━━━━━ SUPPLIED MATERIAL ━━━━━
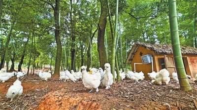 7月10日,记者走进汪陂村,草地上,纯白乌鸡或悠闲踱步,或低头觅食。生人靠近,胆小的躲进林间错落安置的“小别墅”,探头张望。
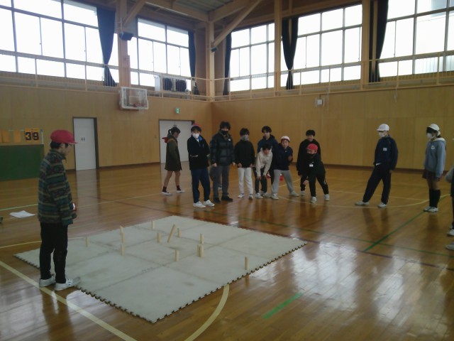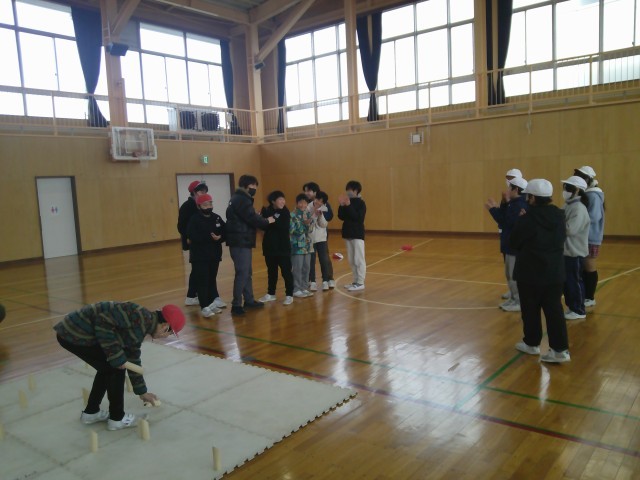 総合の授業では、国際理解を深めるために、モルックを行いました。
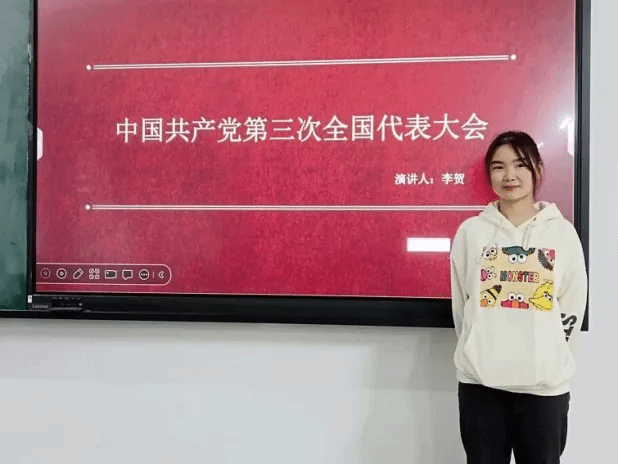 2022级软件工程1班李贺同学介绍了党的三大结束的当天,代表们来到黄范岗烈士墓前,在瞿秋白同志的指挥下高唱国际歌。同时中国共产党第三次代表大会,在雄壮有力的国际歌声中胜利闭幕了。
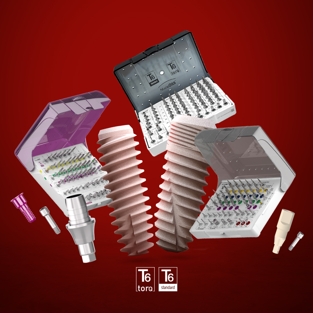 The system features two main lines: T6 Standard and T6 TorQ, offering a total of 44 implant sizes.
━━━━━
━━━━━ SUPPLIED MATERIAL ━━━━━
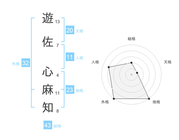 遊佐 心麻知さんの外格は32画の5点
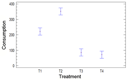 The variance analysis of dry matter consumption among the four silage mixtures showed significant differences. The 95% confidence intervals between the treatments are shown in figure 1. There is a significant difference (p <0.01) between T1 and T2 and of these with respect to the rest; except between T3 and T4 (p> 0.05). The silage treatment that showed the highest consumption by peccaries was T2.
━━━━━
- **WHAT THE TASK REQUIRES**: The answer must be the lines above from the one containing "7月10日,记者走进汪陂村,草地上,纯白" through the one containing "The system features", reproduced exactly, with no pictures and nothing else.

- **ANSWER SECTION**:
 7月10日,记者走进汪陂村,草地上,纯白乌鸡或悠闲踱步,或低头觅食。生人靠近,胆小的躲进林间错落安置的“小别墅”,探头张望。
 総合の授業では、国際理解を深めるために、モルックを行いました。
 2022级软件工程1班李贺同学介绍了党的三大结束的当天,代表们来到黄范岗烈士墓前,在瞿秋白同志的指挥下高唱国际歌。同时中国共产党第三次代表大会,在雄壮有力的国际歌声中胜利闭幕了。
 The system features two main lines: T6 Standard and T6 TorQ, offering a total of 44 implant sizes.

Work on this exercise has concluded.